Seneca Letter VII, where he discourages us from crowds, as peer pressure will get to you. Which is true back then and true today. Especially in schools.

Seneca Letter IX, the Stoic philosopher Hecato mentioned “If you wish to be loved, love” the good ol’ Rule of Reciprocity mentioned by Cialdini and probably many others. Also highly effective.

Again On Seneca Letter IX. It is a mine of gold. If you remember painting an art and just being happily self-absorbed, he noted it too. Nowadays called state of Flow by Csikszentmihalyi.

Another contemporary idea Seneca mentioned was of how what people say didn’t matter, but what they feel matters. A powerful variation of this was quoted to modern poet Maya Angelou “They won’t remember what you say, but they will remember how you make them feel”. For me with my terrible memory, this intuitively makes sense. I never forget how other people make me feel.

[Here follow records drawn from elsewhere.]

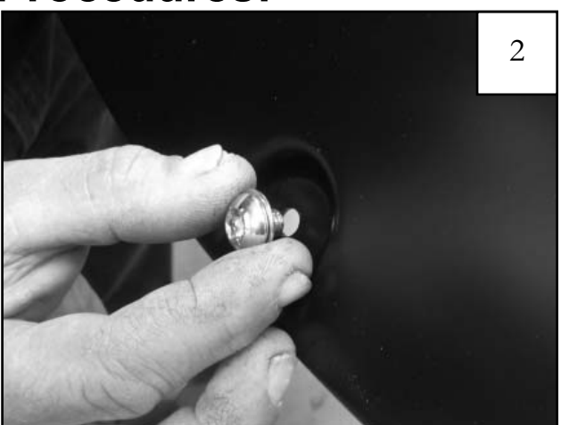
Put each Bolt/Washer combination through a pocket hole in the flare, Bolt head and Washer on the outside.
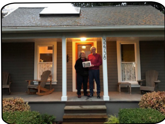
Alice Balch House

The Coburg Heritage Committee honored the Diamond House built in 1890, the NC and Rebecca Burns House built in 1894, and the Alice Balch House built in 1906 with plaques recognizing the properties historical significance in the Coburg community. As a continuation of this Certified Local Government (CLG) project, three more historic preservation plaques will be awarded by the Heritage Committee in 2022.
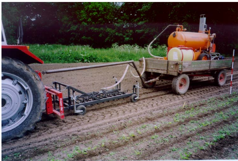
Figure 3. A prototype band-steamer with a 200kW steam generator. Thirteen steaming tines are placed along a 7-cm wide line on the towed frame that is mounted to the 3-point linkage of the tractor.

different: Capsella bursa-pastoris 70°C; Chenopodium album 65°C; Tripleurospermum inodorum , Polygonum spp. and grass weeds 60°C; ryegrass and rape 75°C. Chilling generally lowered seedling emergence of all the weed and crop species in the untreated trays and in those where the maximum temperature did not exceed 40 °C, probably because chilling caused non-dormant seeds to become dormant. However, the opposite was true for Polygonum spp. in the soil collected in the autumn 2000, where chilling had broken dormancy of the majority of the seeds, and thus more seedlings emerged in the chilled fractions. The lethal effect of steaming on dormant Polygonum spp. seeds was, however, similar to that found for the non-dormant weed species.
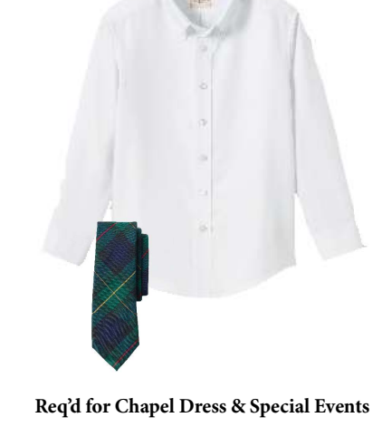
White Long Sleeve Oxford Shirt with Hunter Plaid Tie from French Toast or Flynn O'Hara
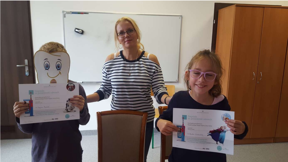
Students in grades IV-VIII of primary school.
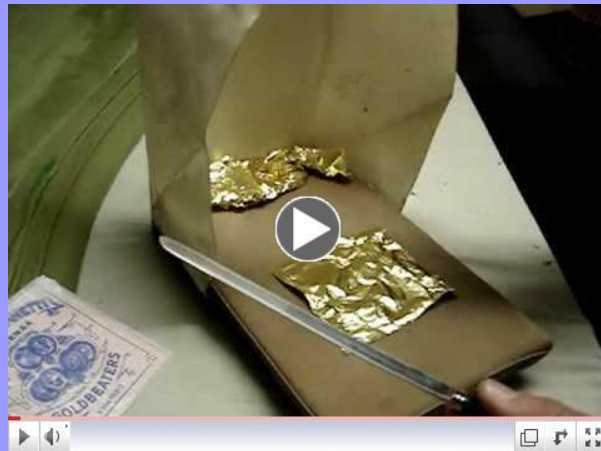
Gilding: Using the Gilder's Pad ~ Charles Douglas Gilding Studio
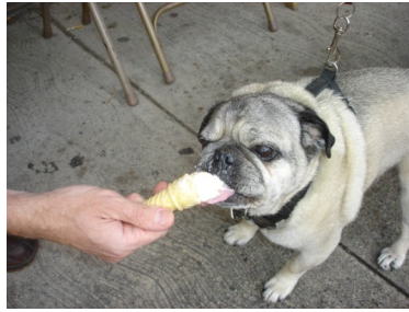
"Since I live on the boulevard, I have a front row seat for the parades," CJ Knecht says. I also live just a block away from Boulevard Ice Cream . There's nothing like a cone on a warm summer day."
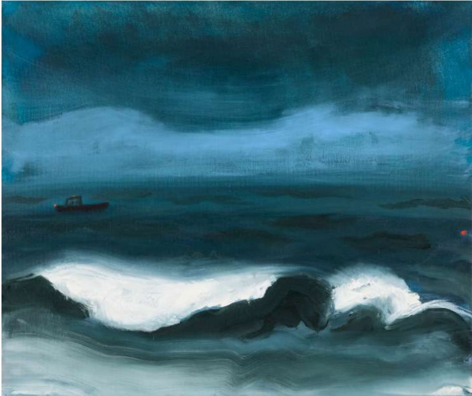
Boat in the Ocean , 2020, oil on canvas, 20 x 24 inches $4,200
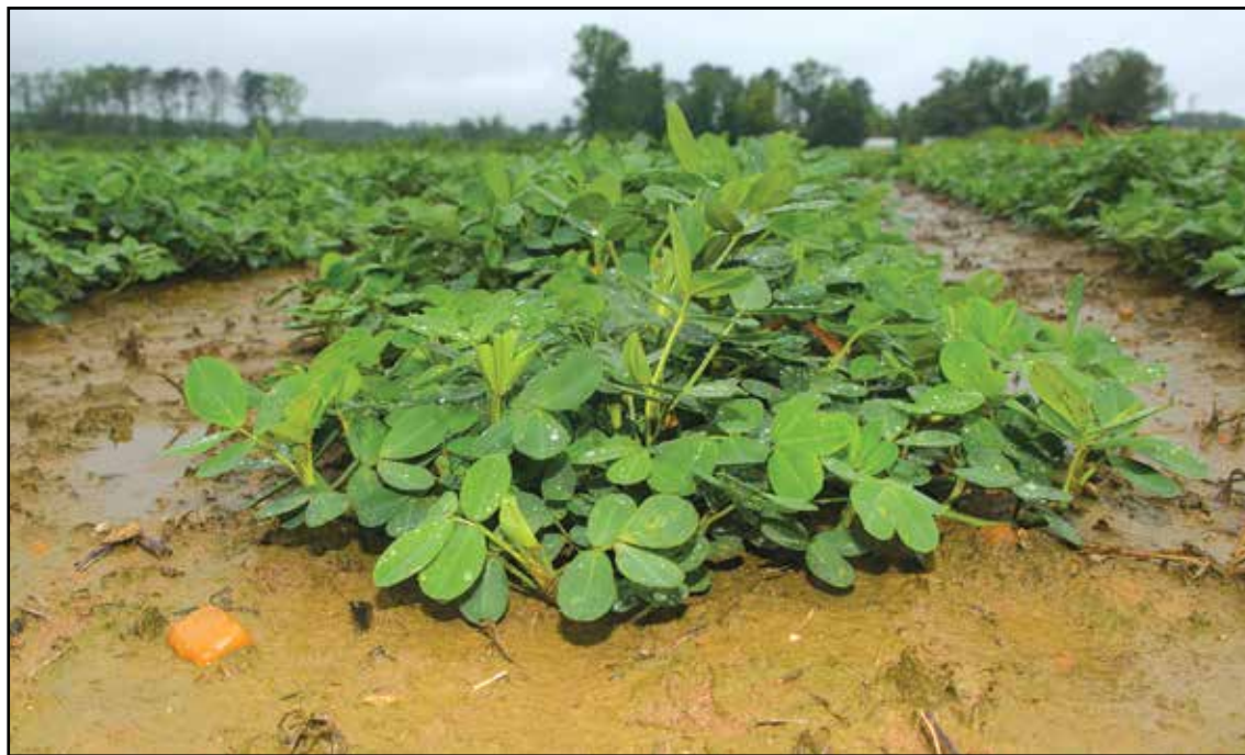
Rainfall soaks into peanut rows on July 2, 2020, in Monroe County, Mississippi.

520,000 acres, down 160,000 acres from March planting intentions. Corn acreage is also down, with 550,000 acres planted instead of the initially projected 710,000.

Letter XI, where he basically said to get a coach, a moral guide-person of sorts.
Which is really how world-class people get to improve. In business they keep talking about the importance of mentors, in academics, it is a given that Ph.D. candidate is mentored by the Professors. Athletes, top musician, and artists alike get coached continually. Like Itzhak Perlman coached by his wife, a quite demanding proposition she had to quit her main career path in the beginning. Even the well-known neurosurgeon Atul Gawande is trying to make this a thing, a continued coaching by requesting his retired Professor to coach him. Then proceeds to see an improvement in his surgical skills where he had stalled before.

No references for today, because this is me procrastinating from what I have to actually do.